第14話 水無瀬くんが風邪引いた

 見事に、高熱が出た。


 昨日、学校から帰ってきてすぐ、喉がいがいがすると思っていたら、夜になって熱が上がり始めた。


 今朝の体温は三八度五分。母さんに学校を休む旨連絡を入れてもらった。美海には「ハルくん、やっちゃったね」などと同情された。


 九時を回った頃、ふらふらしながらかかりつけの内科に駆け込むと、扁桃炎だと診断された。ああ、またか——と、俺のみならず医者もそう思ったことだろう。昔から扁桃腺が平均より大きいらしく、そういう人は炎症を起こしやすいのだとか。
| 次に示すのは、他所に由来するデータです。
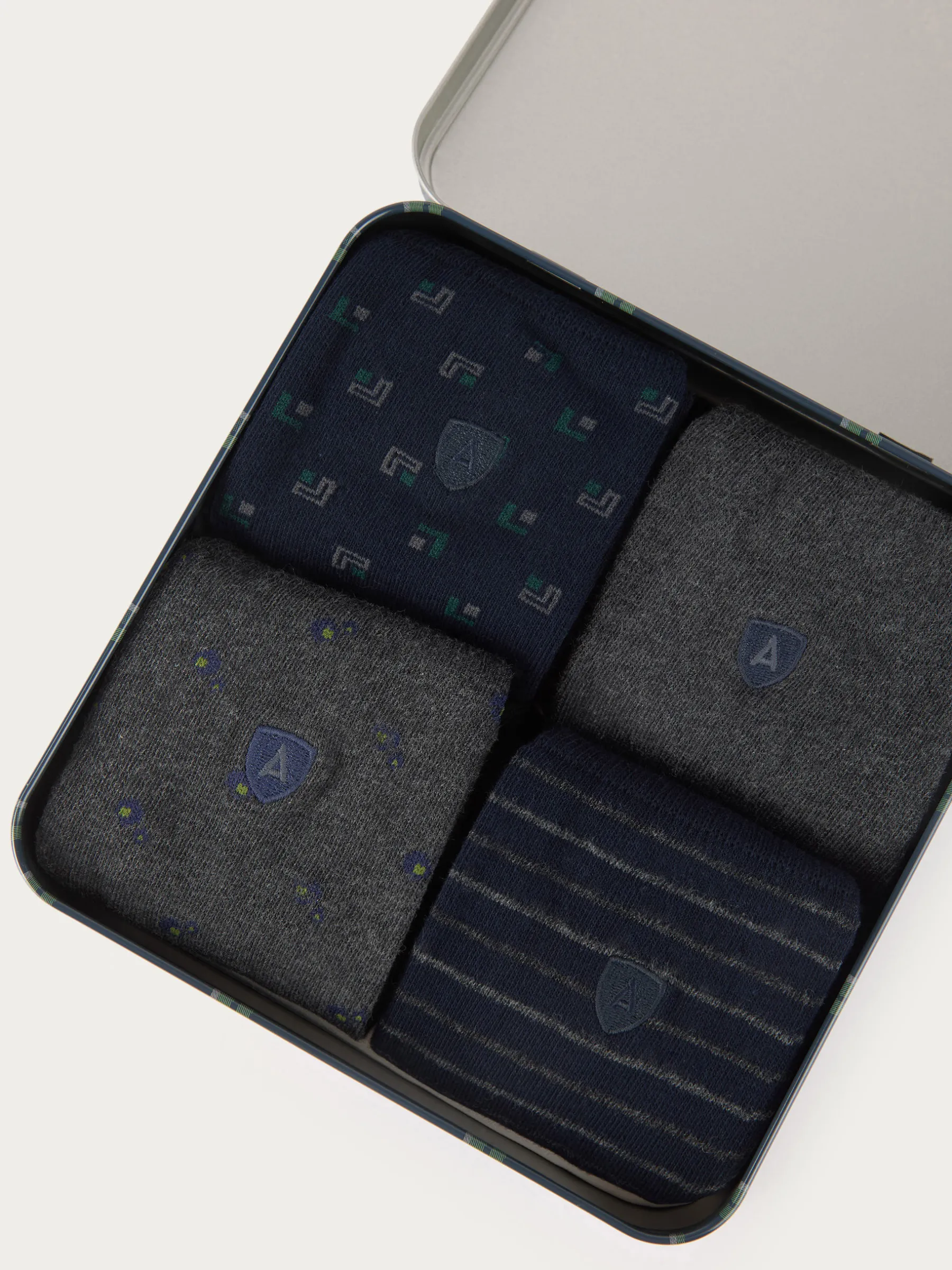 Pack de 4 calcetines de caña media confeccionados en algodón con diferentes diseños lisos, con líneas o detalles estampados. El complemento ideal para aportarnos personalidad en nuestros looks. ¡Elige tus favoritos!

 なんとか家に帰り着き、パジャマに着替えて、自室のベッドに潜り込む。


 ベッドサイドにいつのまにか加湿器が置いてあって、白い水蒸気を吹き出していた。もやもやとしたそれを見つめていると、眠気が襲ってくる。うとうとと重い瞼を閉じた後、夢も見ずに眠り込んだ。


 目を覚ますと、昼近くになっていた。


 体がだるい。熱が下がった様子はなかった。落胆していると、枕脇に置いてあった充電しっぱなしのスマホが目に入った。手を伸ばし、ディスプレイをつける。いくつかラインが届いていた。


『湿度上げといたよ。鍋に雑炊ありです!』


 どうやら母さんが出勤前に加湿器をセットし、さらには昼飯を作ってくれたらしい。熱に浮かされた俺はまだ食欲が沸かない。食べれたら食べる、と返信した。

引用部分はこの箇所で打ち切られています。